• PROBLEM TO WORK ON
Given the records underneath, please repeat exactly the lines from the line with "他们带着瓶装氧气开辟了一条全" through the line with "Reebok on-field style", passing over any picture.

• MATERIAL SHOWN
_ _ _ _ _

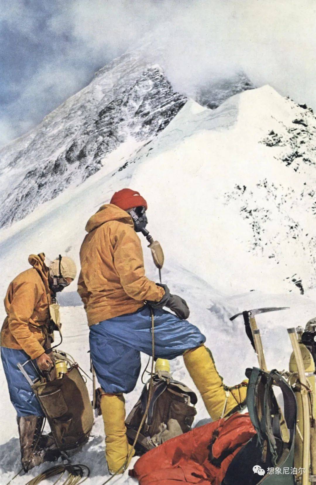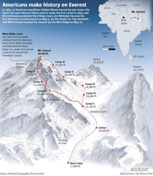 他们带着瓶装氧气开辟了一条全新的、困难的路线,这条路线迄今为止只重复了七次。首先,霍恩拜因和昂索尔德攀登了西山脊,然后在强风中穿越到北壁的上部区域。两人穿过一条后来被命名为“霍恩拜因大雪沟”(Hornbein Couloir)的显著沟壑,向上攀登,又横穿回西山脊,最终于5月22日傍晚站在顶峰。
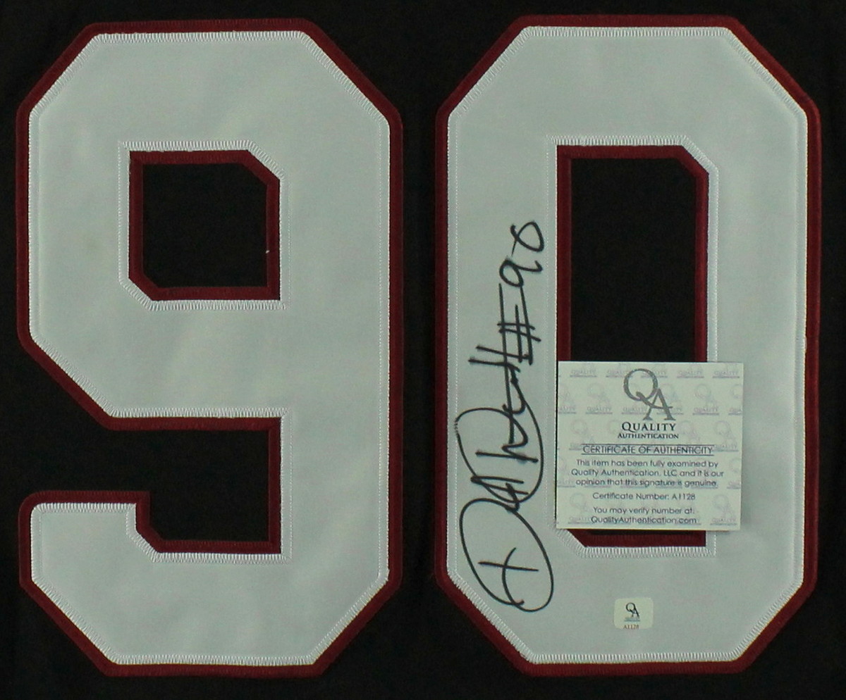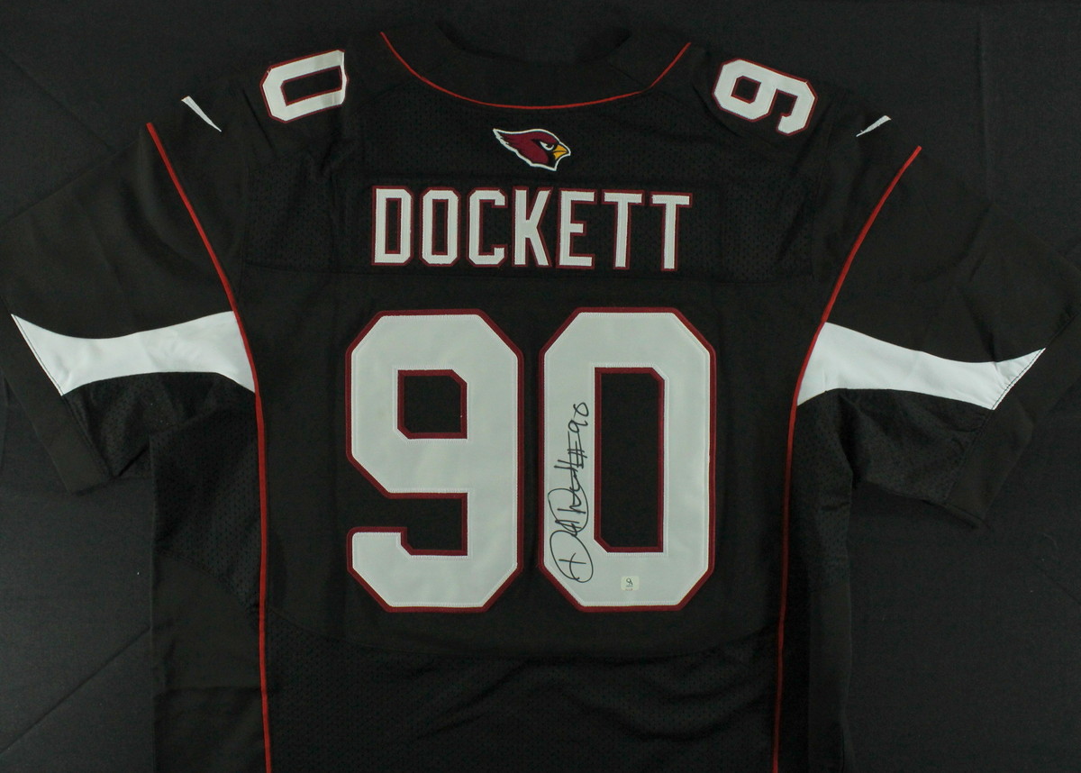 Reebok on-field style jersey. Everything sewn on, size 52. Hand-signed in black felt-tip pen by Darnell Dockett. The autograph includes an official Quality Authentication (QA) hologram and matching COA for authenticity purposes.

_ _ _ _ _

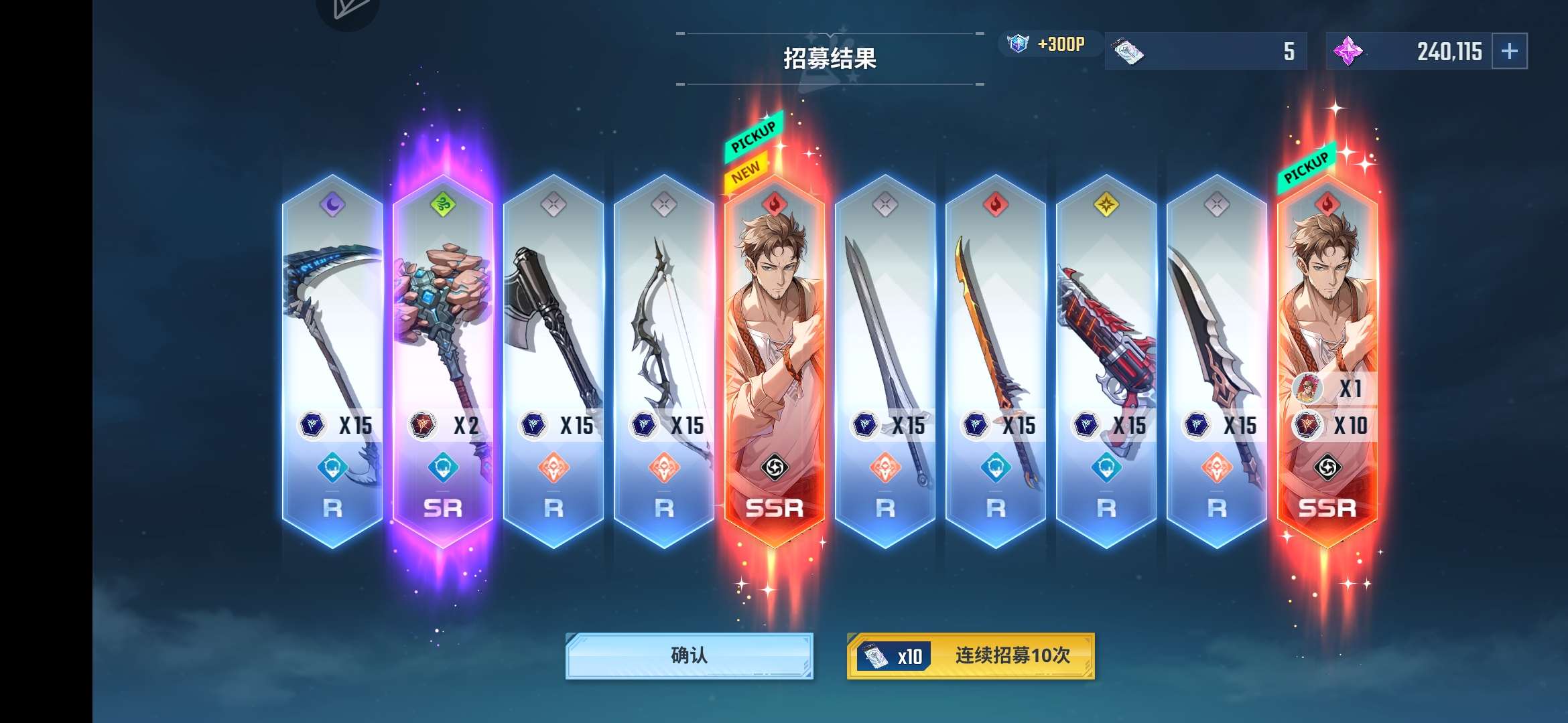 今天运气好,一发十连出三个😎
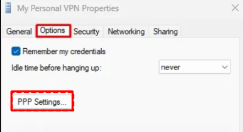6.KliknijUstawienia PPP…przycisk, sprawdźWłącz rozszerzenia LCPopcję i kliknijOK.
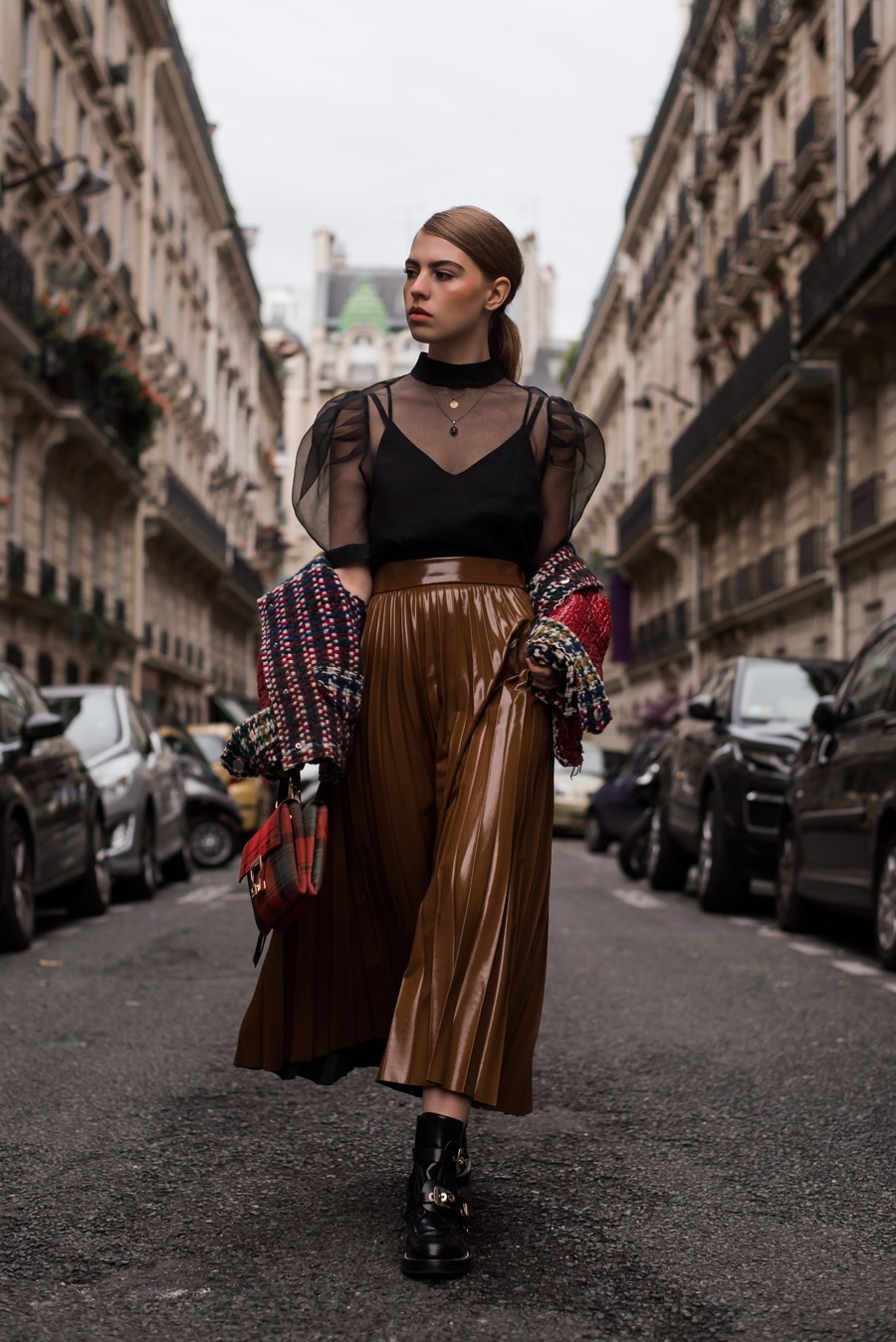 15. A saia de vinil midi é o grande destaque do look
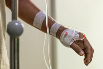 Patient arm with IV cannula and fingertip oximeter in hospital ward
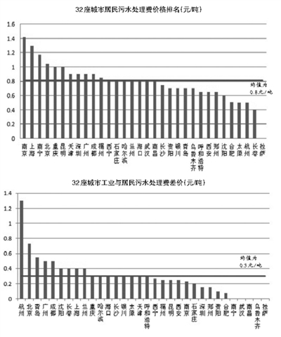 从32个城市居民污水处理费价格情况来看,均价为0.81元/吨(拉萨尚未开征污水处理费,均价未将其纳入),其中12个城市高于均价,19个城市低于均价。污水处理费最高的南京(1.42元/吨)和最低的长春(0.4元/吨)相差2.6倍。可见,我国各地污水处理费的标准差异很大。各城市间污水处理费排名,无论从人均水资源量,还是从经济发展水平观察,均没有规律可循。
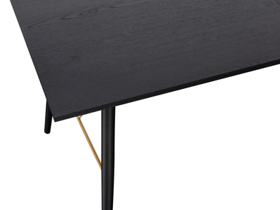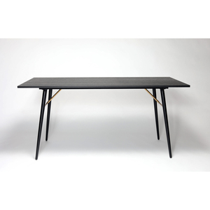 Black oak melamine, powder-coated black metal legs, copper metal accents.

_ _ _ _ _

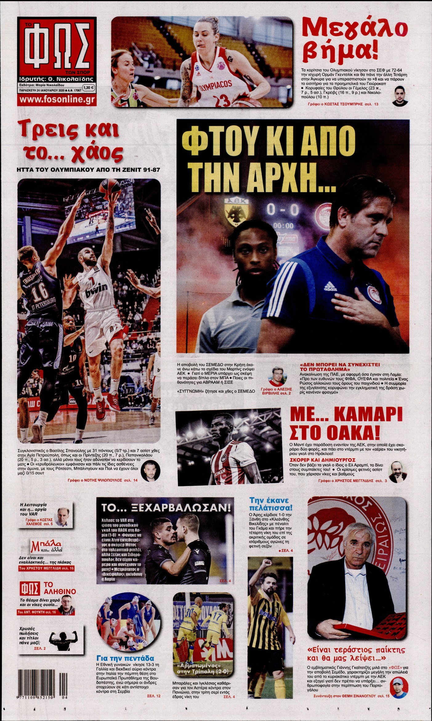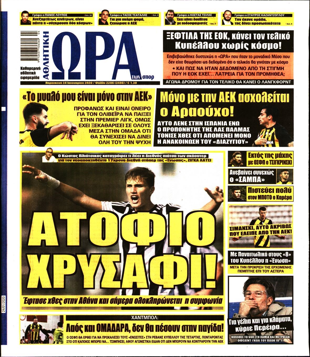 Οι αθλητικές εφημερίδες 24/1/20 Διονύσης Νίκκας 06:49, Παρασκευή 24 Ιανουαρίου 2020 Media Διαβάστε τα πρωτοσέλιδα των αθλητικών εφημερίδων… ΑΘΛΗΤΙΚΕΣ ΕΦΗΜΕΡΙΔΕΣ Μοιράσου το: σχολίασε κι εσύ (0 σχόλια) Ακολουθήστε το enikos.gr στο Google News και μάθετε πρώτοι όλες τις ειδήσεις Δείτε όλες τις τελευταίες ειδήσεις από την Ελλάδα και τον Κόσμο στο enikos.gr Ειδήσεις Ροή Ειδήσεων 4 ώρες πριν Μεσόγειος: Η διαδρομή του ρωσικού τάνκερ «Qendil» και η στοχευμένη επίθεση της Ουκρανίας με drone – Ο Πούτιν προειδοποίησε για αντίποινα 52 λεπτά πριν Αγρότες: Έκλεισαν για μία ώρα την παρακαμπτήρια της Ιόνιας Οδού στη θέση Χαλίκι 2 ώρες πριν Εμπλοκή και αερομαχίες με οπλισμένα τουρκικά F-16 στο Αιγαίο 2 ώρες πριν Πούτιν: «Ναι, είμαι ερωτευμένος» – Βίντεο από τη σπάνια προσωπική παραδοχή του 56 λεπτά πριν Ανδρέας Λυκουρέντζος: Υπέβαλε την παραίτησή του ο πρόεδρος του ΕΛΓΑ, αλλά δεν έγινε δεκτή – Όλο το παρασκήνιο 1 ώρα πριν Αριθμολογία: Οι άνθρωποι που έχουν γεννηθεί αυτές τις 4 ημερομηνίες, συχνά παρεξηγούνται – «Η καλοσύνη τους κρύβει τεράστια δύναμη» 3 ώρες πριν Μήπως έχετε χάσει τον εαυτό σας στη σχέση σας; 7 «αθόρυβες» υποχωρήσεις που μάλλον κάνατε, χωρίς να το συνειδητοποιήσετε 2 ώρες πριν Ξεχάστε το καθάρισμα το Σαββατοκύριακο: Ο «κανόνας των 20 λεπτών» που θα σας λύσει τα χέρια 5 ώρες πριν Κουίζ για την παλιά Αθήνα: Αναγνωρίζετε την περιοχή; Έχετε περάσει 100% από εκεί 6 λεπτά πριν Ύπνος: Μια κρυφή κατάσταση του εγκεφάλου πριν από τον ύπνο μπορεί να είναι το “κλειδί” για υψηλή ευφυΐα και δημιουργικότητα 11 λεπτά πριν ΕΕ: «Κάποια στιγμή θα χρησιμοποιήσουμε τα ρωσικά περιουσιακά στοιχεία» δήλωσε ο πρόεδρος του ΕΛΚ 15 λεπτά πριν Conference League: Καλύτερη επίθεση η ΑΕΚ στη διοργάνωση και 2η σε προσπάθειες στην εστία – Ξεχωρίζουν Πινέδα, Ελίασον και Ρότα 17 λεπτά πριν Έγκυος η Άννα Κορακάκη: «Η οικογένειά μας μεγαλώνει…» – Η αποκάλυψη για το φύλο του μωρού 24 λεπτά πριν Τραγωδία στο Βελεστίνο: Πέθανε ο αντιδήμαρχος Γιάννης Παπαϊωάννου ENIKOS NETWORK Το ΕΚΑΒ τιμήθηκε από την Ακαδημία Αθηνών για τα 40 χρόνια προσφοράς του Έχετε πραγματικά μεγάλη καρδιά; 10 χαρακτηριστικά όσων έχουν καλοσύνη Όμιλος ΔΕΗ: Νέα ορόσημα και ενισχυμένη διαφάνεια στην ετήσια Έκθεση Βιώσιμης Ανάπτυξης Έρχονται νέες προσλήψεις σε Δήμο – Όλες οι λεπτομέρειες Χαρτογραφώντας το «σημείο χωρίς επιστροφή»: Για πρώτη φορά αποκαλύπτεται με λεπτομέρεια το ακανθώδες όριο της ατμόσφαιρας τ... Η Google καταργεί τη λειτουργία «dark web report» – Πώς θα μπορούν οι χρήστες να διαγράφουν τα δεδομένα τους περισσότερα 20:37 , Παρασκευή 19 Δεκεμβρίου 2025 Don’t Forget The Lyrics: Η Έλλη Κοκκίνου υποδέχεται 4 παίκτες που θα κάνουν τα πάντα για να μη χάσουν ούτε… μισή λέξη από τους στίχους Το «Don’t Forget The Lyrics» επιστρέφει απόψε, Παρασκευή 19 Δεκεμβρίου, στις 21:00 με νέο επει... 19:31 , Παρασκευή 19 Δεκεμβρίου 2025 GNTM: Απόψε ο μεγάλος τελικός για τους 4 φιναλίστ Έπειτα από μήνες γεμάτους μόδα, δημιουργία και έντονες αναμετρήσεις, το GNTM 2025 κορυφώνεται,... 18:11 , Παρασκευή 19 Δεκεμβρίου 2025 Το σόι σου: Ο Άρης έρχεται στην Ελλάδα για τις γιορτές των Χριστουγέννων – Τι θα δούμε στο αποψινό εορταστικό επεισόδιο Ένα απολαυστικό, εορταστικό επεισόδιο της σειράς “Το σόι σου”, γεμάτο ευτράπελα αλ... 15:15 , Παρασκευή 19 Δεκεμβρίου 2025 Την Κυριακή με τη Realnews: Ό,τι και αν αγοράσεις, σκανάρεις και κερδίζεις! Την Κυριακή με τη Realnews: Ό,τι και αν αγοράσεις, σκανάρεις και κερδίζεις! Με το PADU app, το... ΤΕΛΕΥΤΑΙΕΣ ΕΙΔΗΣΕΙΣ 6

_ _ _ _ _

• SOLUTION
 他们带着瓶装氧气开辟了一条全新的、困难的路线,这条路线迄今为止只重复了七次。首先,霍恩拜因和昂索尔德攀登了西山脊,然后在强风中穿越到北壁的上部区域。两人穿过一条后来被命名为“霍恩拜因大雪沟”(Hornbein Couloir)的显著沟壑,向上攀登,又横穿回西山脊,最终于5月22日傍晚站在顶峰。
 Reebok on-field style jersey. Everything sewn on, size 52. Hand-signed in black felt-tip pen by Darnell Dockett. The autograph includes an official Quality Authentication (QA) hologram and matching COA for authenticity purposes.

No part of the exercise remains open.